I've experimented with providing a dma-heap replacing the TEE API. The implementation is more complex than I first anticipated, adding about 400 lines to the patch set. From user space, it looks like another dma-heap. I'm using the names you gave earlier, protected,secure-video, protected,trusted-ui, and protected,secure-video-record. However, I wonder if we shouldn't use "restricted" instead of "protected" since we had agreed to call it restricted memory earlier.

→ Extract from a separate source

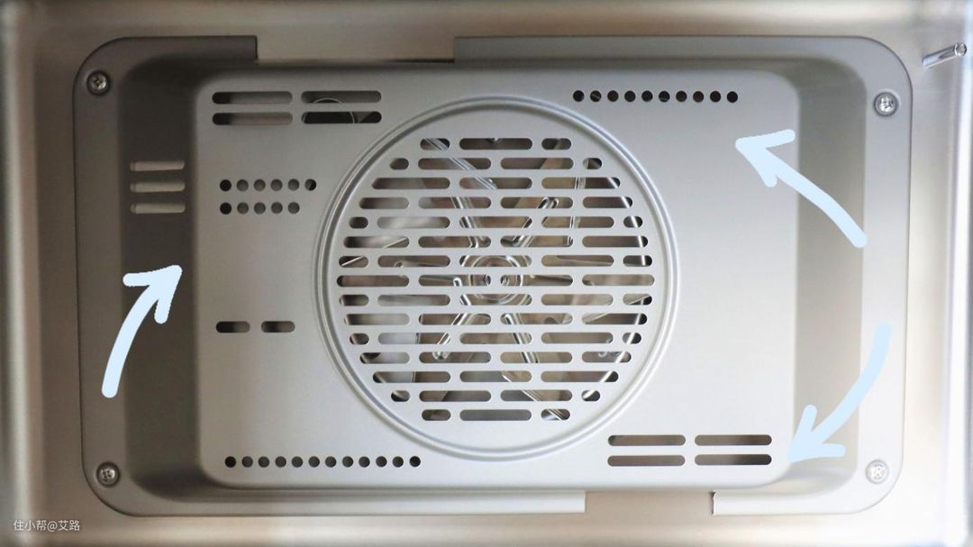 除此之外,还有背后圆圈型的发热管,搭配上大风扇,最快2.5s就可以实现热风充满整个烤箱内腔,无论是烘烤还是空气炸,都可以有快速且高效的表现。

I'll soon post this in a v6 and an updated demo.
Cheers, Jens
On Tue, Mar 04, 2025 at 08:17:23AM +0100, Jens Wiklander wrote:
Hi Daniel,
On Fri, Feb 21, 2025 at 3:12 PM Daniel Stone daniel@fooishbar.org wrote:
Hi Sumit,
On Fri, 21 Feb 2025 at 11:24, Sumit Garg sumit.garg@linaro.org wrote:
On Tue, 18 Feb 2025 at 21:52, Daniel Stone daniel@fooishbar.org wrote:
dma-heaps was created to solve the problem of having too many 'allocate $n bytes from $specialplace' uAPIs. The proliferation was painful and making it difficult for userspace to do what it needed to do. Userspace doesn't _yet_ make full use of it, but the solution is to make userspace make full use of it, not to go create entirely separate allocation paths for unclear reasons.
Besides, I'm writing this from a platform that implements SVP not via TEE. I've worked on platforms which implement SVP without any TEE, where the TEE implementation would be at best a no-op stub, and at worst flat-out impossible.
Can you elaborate the non-TEE use-case for Secure Video Path (SVP) a bit more? As to how the protected/encrypted media content pipeline works? Which architecture support does your use-case require? Is there any higher privileged level firmware interaction required to perform media content decryption into restricted memory? Do you plan to upstream corresponding support in near future?
You can see the MTK SVP patches on list which use the MTK SMC to mediate it.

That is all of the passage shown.